LANXESS Future Earnings Per Share Growth
Risks
What could happen that would invalidate this narrative?- Intensifying competition from Chinese producers, especially in intermediates and additives, is leading to price erosion and market share loss in Europe and Latin America, directly threatening revenue and operating margins over the long term.
- Persistently high and structurally uncompetitive energy costs in Germany and Europe, compared to the U.S., are creating a sustained cost disadvantage that may not be fully offset by price pass-through, squeezing net margins and undermining LANXESS's competitiveness.
- Weakness and prolonged cyclical troughs in key end-markets-such as automotive, capital goods, construction, and agrochemicals-are leading to depressed demand, short-term order patterns, and production underutilization, all of which place ongoing downward pressure on top-line growth and profitability.
- Overcapacity and underutilization at certain production sites, as well as continued adjustment and closures of subscale plants (e.g., Widnes, Hexane Oxidation), highlight risks of asset inefficiency and weak asset turnover, which can erode returns on capital and future earnings.
- Macroeconomic and geopolitical uncertainty-including tariff escalations, slow government stimulus deployment, and the threat of further regulatory/lobbying-driven disruptions-are contributing to an unusually wide guidance range and heightening risks to revenue visibility, cash flow stability, and long-term earnings power.
Valuation
How have all the factors above been brought together to estimate a fair value?- The analysts have a consensus price target of €26.786 for LANXESS based on their expectations of its future earnings growth, profit margins and other risk factors. However, there is a degree of disagreement amongst analysts, with the most bullish reporting a price target of €38.0, and the most bearish reporting a price target of just €17.0.
- In order for you to agree with the analyst's consensus, you'd need to believe that by 2028, revenues will be €6.4 billion, earnings will come to €10.2 million, and it would be trading on a PE ratio of 277.8x, assuming you use a discount rate of 7.2%.
- Given the current share price of €23.58, the analyst price target of €26.79 is 12.0% higher.
- We always encourage you to reach your own conclusions though. So sense check these analyst numbers against your own assumptions and expectations based on your understanding of the business and what you believe is probable.
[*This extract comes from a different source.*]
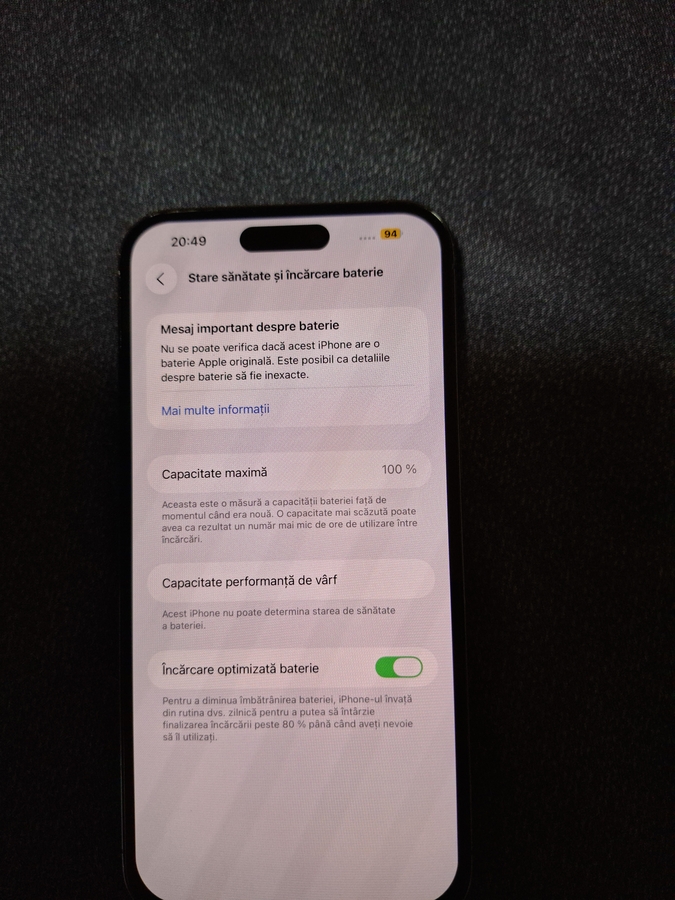 Sanatate baterie 100%, pretul este fix 2500 Lei. Garantie 1 an, are husa incarcator si cablu original. nu trimit prin curier, predare personala in Buzias, Judetul Timis,

How well do narratives help inform your perspective?
Disclaimer
AnalystConsensusTarget is a tool utilizing a Large Language Model (LLM) that ingests data on consensus price targets, forecasted revenue and earnings figures, as well as the transcripts of earnings calls to produce qualitative analysis. The narratives produced by AnalystConsensusTarget are general in nature and are based solely on analyst data and publicly-available material published by the respective companies. These scenarios are not indicative of the company's future performance and are exploratory in nature. Simply Wall St has no position in the company(s) mentioned. Simply Wall St may provide the securities issuer or related entities with website advertising services for a fee, on an arm's length basis. These relationships have no impact on the way we conduct our business, the content we host, or how our content is served to users. The price targets and estimates used are consensus data, and do not constitute a recommendation to buy or sell any stock, and they do not take account of your objectives, or your financial situation. Note that AnalystConsensusTarget's analysis may not factor in the latest price-sensitive company announcements or qualitative material.